In the 1950s, the term “Teen Movie” was used to describe a new standard in the American film industry, designed to appeal to a young audience who had grown up in the fold of rock’n’roll. However, this trend of films for teenagers was soon overtaken by films with and about them. So time has invited us to greatly expand the scope of this generic term, or rather, to extract from this perfunctory labelling and archetyping a vast constellation of films still jostled and questioned by adolescence. Gus Vans Sant, Francis Ford Coppola, then his daughter Sofia, Harmony Korine, Larry Clark, Kiyoshi Kurosawa, Céline Sciamma, Jacques Doillon are some of the filmmakers marked out by their fondness for saddling themselves with these young in-betweeners. One generation after another, teenagers take over the screen – invariably the same and always different. Yet cinema rarely masquerades as the sentinel of an age that it could well view from a reassuring distance, believing itself unscathed and off the hook. Instead, it is excited, attracted, disconcerted and pricked to the core by these teenage presences, which – now the exit point of the reference age group has begun to shift (when exactly do we leave it?) – demand a reset of the focal point where cinema will again act out, like the characters of Twilight and their success, the myth of its eternal youth. By examining so closely the accepted and modelled definition of this age (rites of passage, counter-culture, sexual initiation, excesses and revolt…), cinema runs the risk of seeing young people conduct their own experiments and come up against the contradictory references that shape the world around them (emancipation and consumerism, inner conflict and social conformism, the excesses of anything to hand and of a controlling society, self-destructive behaviour and the reign of images and appearances…). The Teen Movie thus becomes the locus for unpredictable and amoral soul-searching in constantly updated versions.
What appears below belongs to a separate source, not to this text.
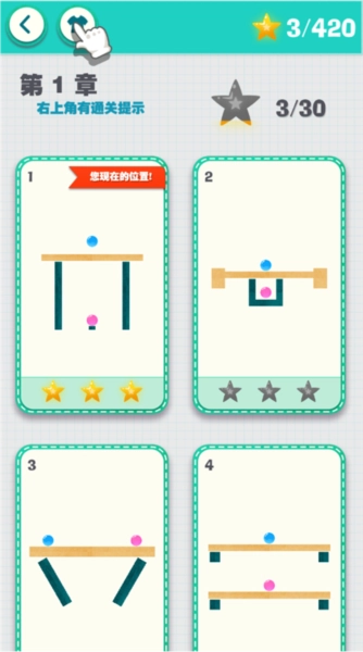 3、游戏以闯关玩法为核心,玩家在每个关卡中需按指定要求完成任务,系统会依据完成情况给予星级评定。随着关卡推进,难度将逐步提升,玩家通过持续挑战解锁更多精彩关卡,在切割绳子、营救可爱球球的过程中,获得超棒的游戏体验。
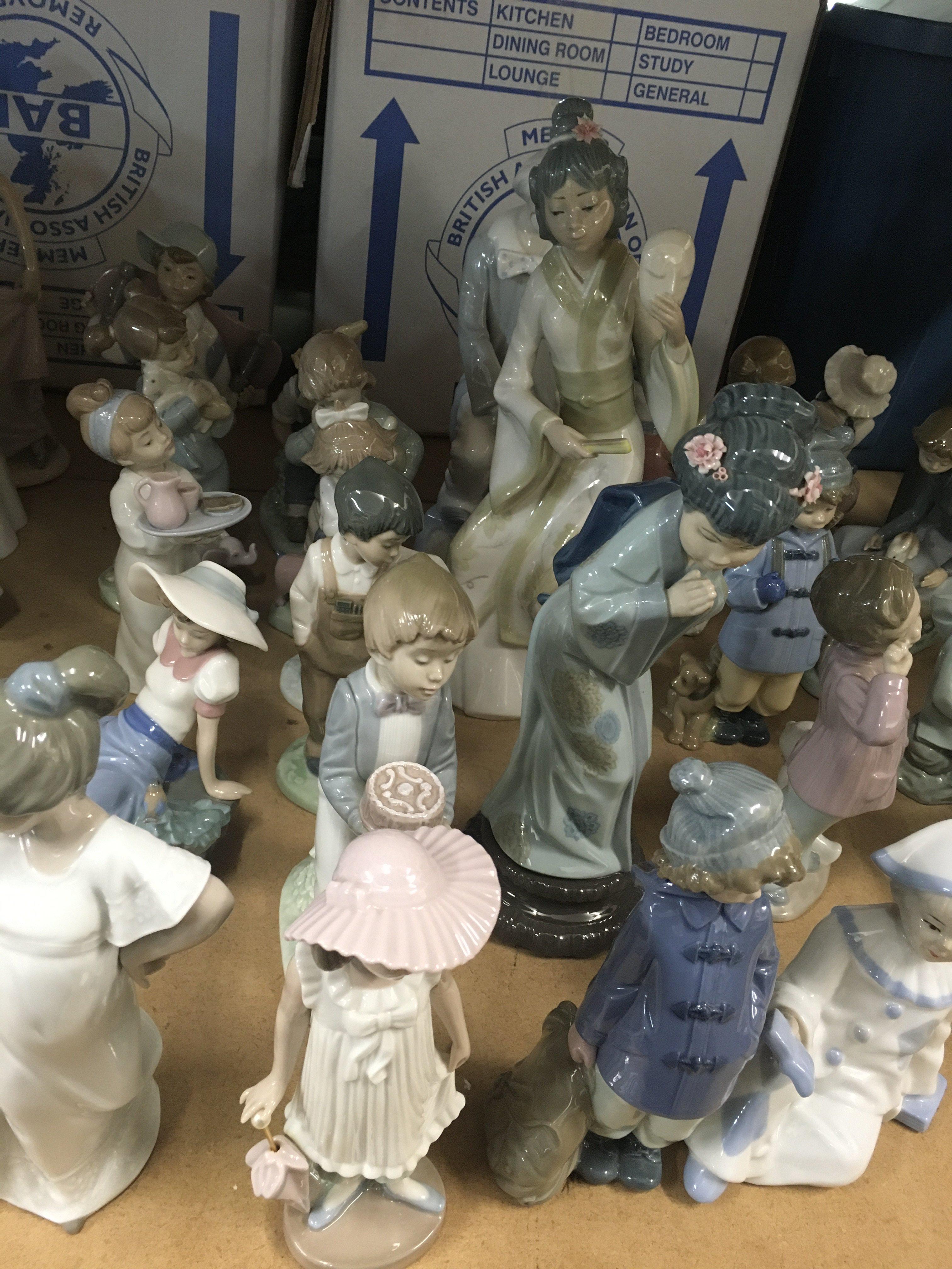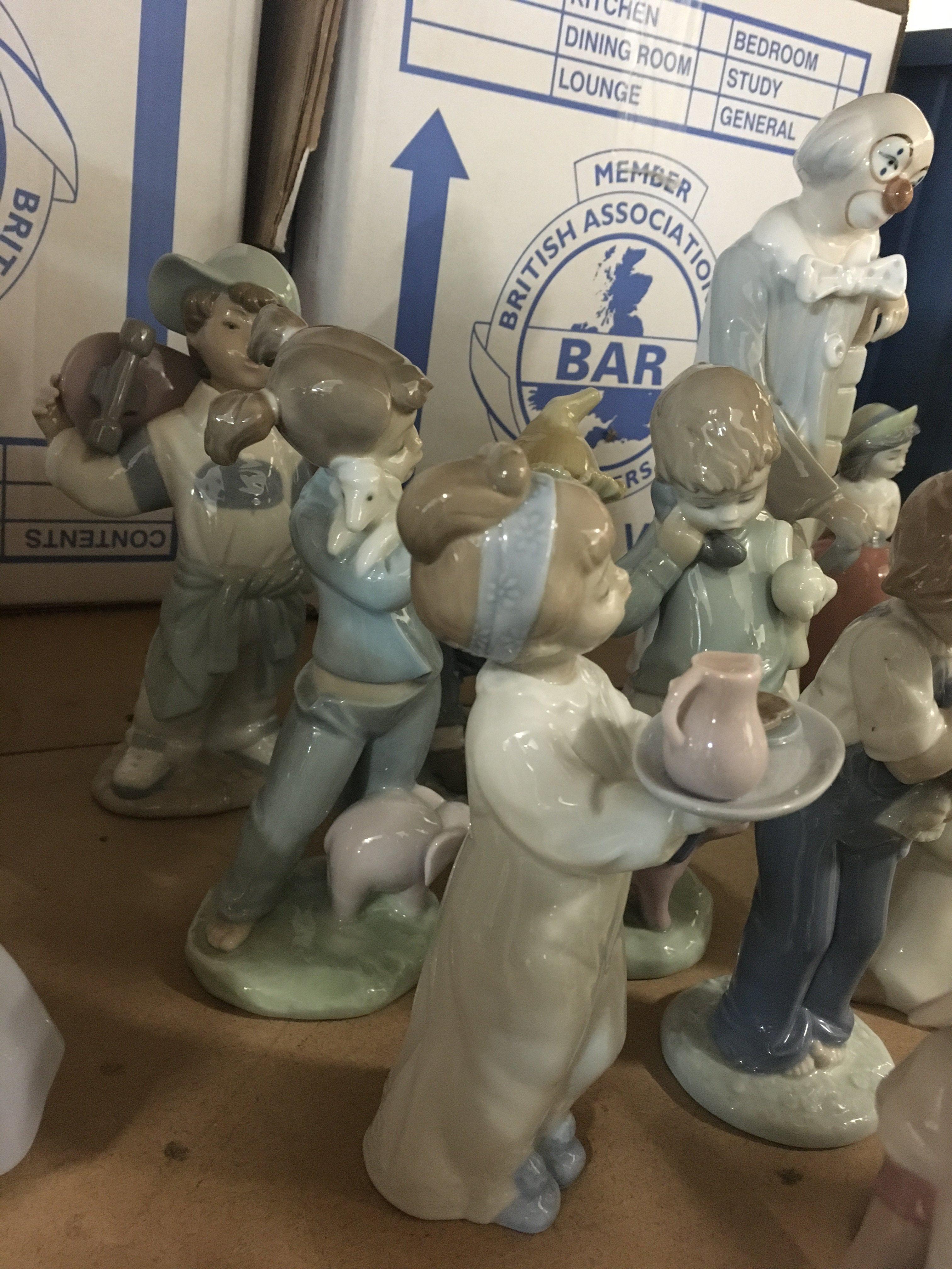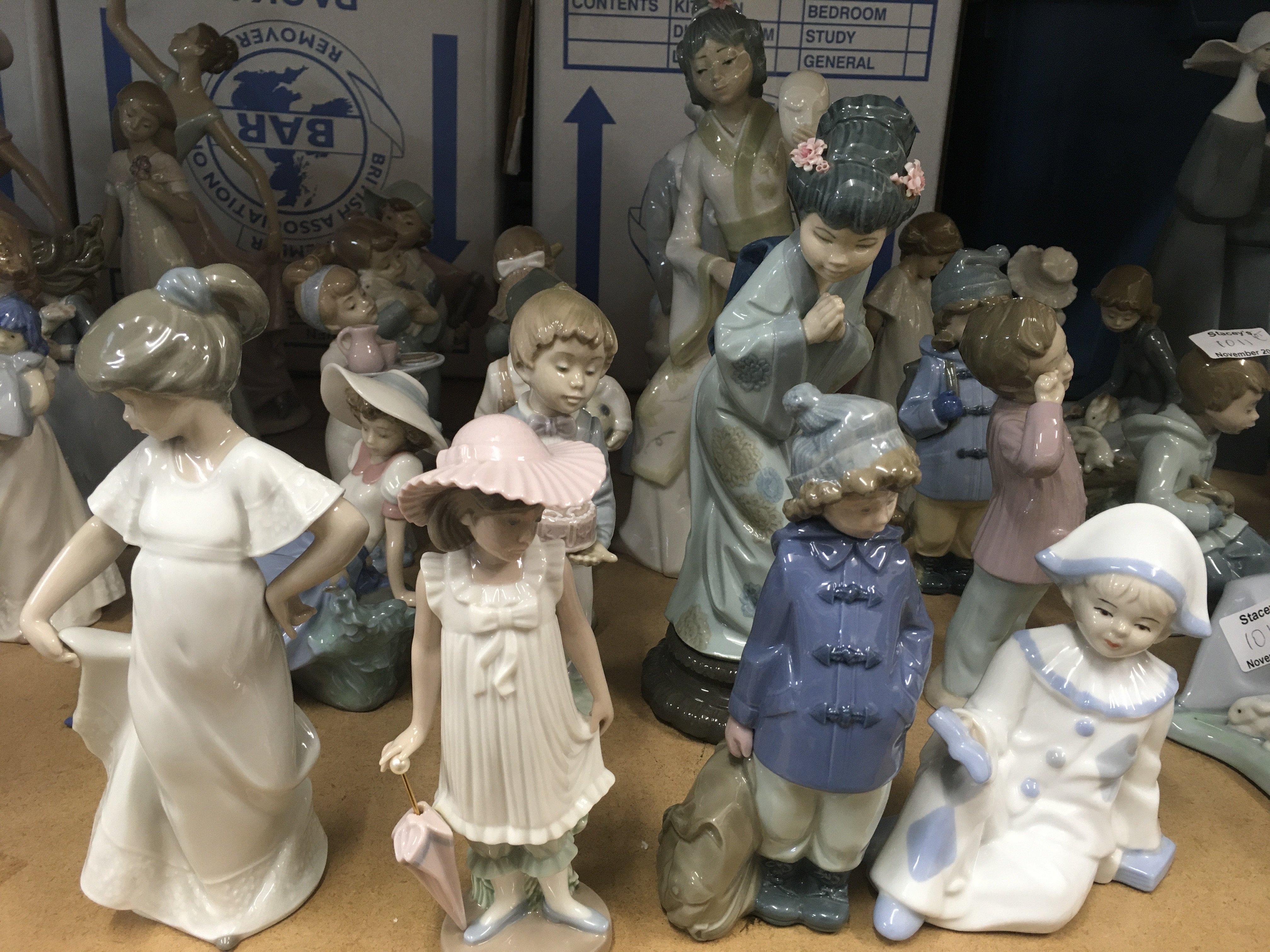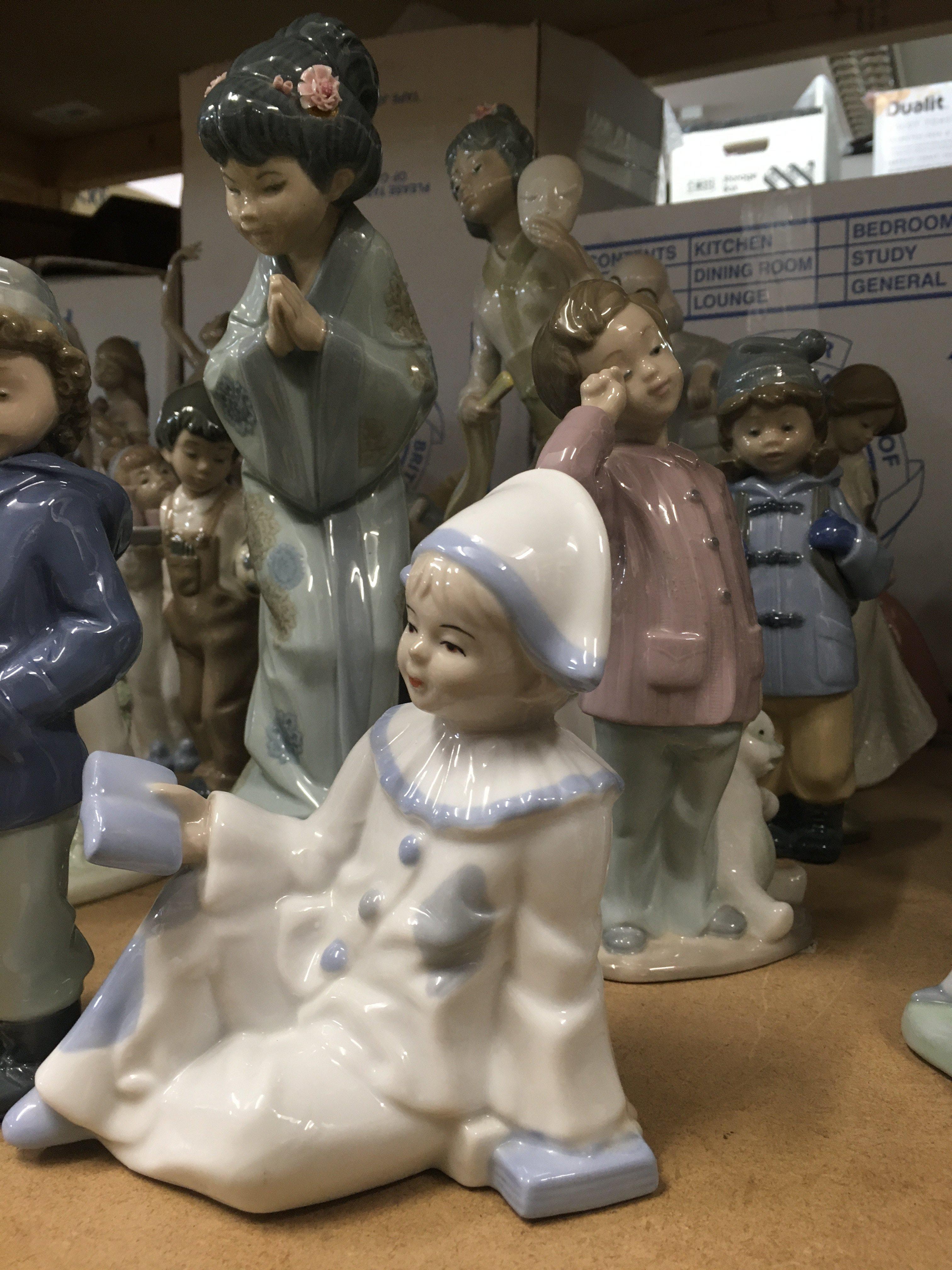 A collection of Nao figures including two large Geisha and boy with skateboard

For what characterises the teenage years is a perception of the world as one that could race off in any direction. In their challenge to convention and authority (or so we wish to believe), youngsters seize every opportunity available, engross themselves in novelties that are ever gaining speed, and welcome fear as much as excitement, guided as they are by the compelling need to find their own movement. In sum, it seems that at this age one wants – without knowing exactly where to start – one’s life a little more than at other times. So teen cinema carries the mythology of adolescence, trying to avoid easy seduction in order to become a cinema of desire, temptation, worries, clumsy moves, denial, retreat, illusion. Between teenagers and the society they traverse, the body becomes an emblematic witness to these intense and transitory states and raises questions in multiple forms. The adolescent body takes pleasure in the glory conferred on it due to its changing, loving and vulnerable nature: a weapon of seduction, a sensitive surface, an enigmatic piece of machinery, a well-functioning servant. Me, in whole or in part… is the seal of a reign for whose truth advertisers construct an insatiable appetite that is eager to ward off its impermanent state. And while the ephemeral empire of adolescence that visits our lives conserves a value in the eyes of art, it is inseparable from the memory of the moment where moving forward and categorical refusal coincide.
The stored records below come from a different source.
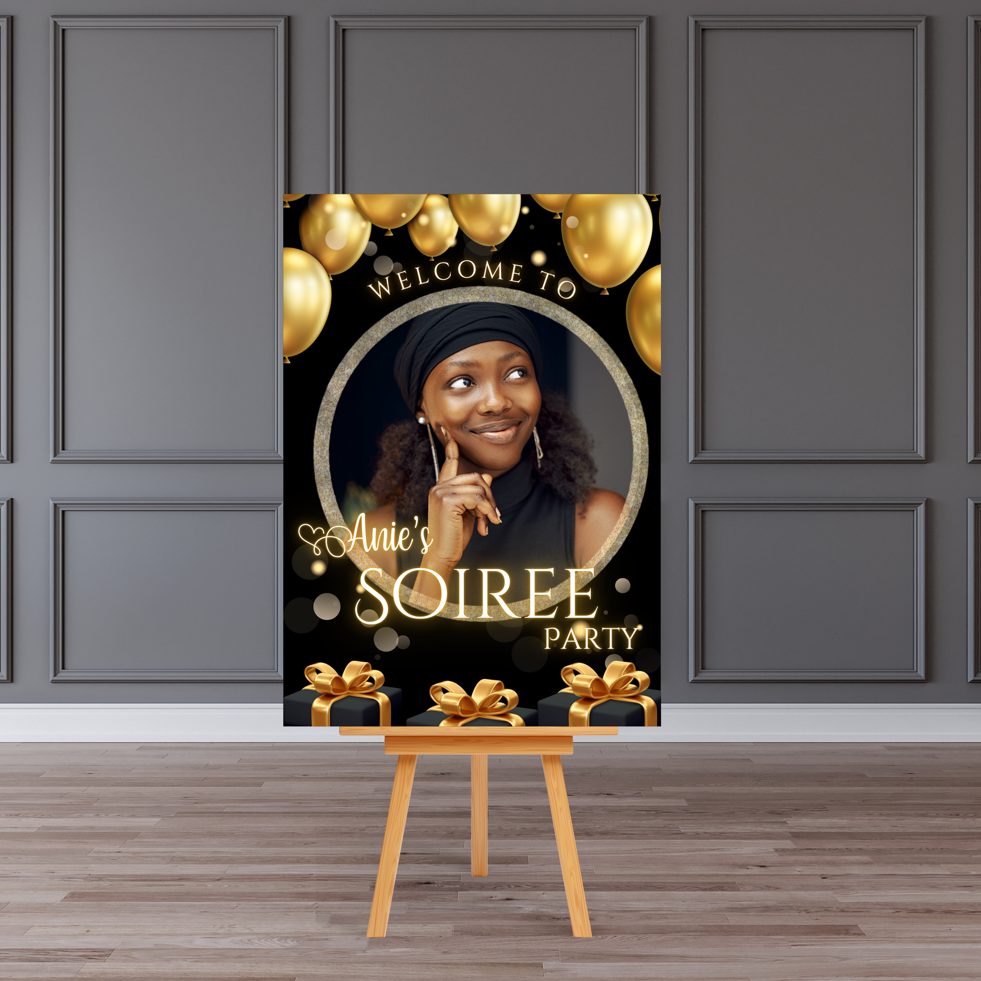 Welcome guests in luxe style with this personalised birthday soirée welcome board, featuring a black-and-gold balloon design with a custom photo centrepiece. Add the celebrant’s name and party details, and we’ll professionally print a premium entrance sign that doubles as a beautiful keepsake.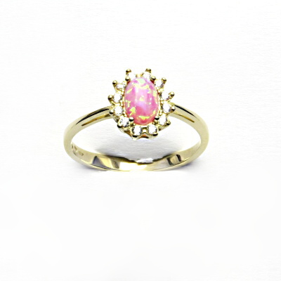 Zlatý prsten Kate, syntetický růžový opál, čiré zirkony, žluté i bílé zlato - T 1480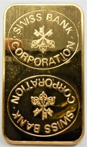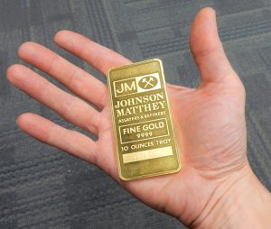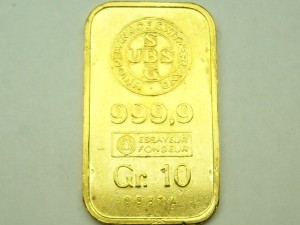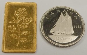 Here’s something to think about. Paper currency has no intrinsic value, it is only a promissory note guaranteed by the government that issued it. If that currency happens to be issued by the Canadian government, for instance, you’re holding a tiny part of the estimated 1.2 trillion dollars of debt Canada has (your portion is around $30,000.00). The spot price of gold changes every minute. For an up to the second spot price, click on www.kitco.com. We have one and only one 10-ounce gold bar in stock. For credit card purchases please add 2%. This 10 ounce bar (311 grams) is estate priced at the current spot price plus 3%. Stock #912-00471.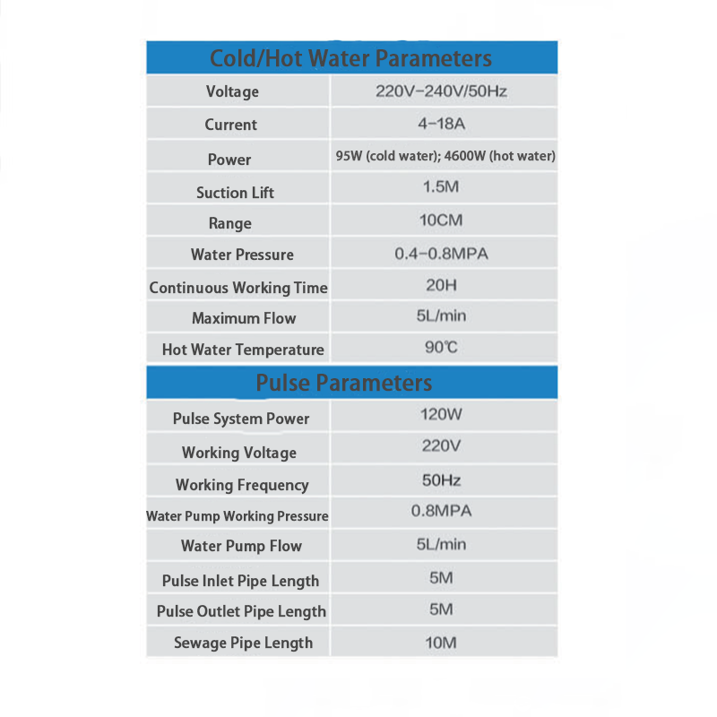 Third, cold and hot water switching function, the voltage is adapted to 220V - 240V/50Hz, the cold water power is 95W, the hot water power is 4600W, the suction range is 1.5M, the range is 10CM, the water pressure is 0.4 - 0.8MPA, which can withstand up to 20 hours of work, the most Large flow rate 5L/min, hot water temperature up to 90℃, meeting the cleaning needs of different Vattentemperaturer, varmvattenläge eller kallt vattenläge kan växlas enligt olika användningsscenarier. För det fjärde, pulsfunktionen. Kraften hos pulssystemet är 120W, arbetsspänningen är 220V, frekvensen är 50Hz, pumpens arbetstryck är 0,8 MPa, flödeshastigheten är 5L/min, pulsinloppsröret och utloppsröret är 5 meter och avloppsröret är upp till 10 meter, vilket är till stor hjälp.

Here and there, in Argentina, Japan, Lebanon, Chad, Georgia, Mexico… it is not one teenager but many who refute the exclusion that they sometimes feel they suffer, many who from film to film resist their dissolution in a world they have not chosen, many who worry and rebel but who hold the stage until the end of the scene, as they know from experience that their time is counted but that the enjoyment and prestige of their age has no end.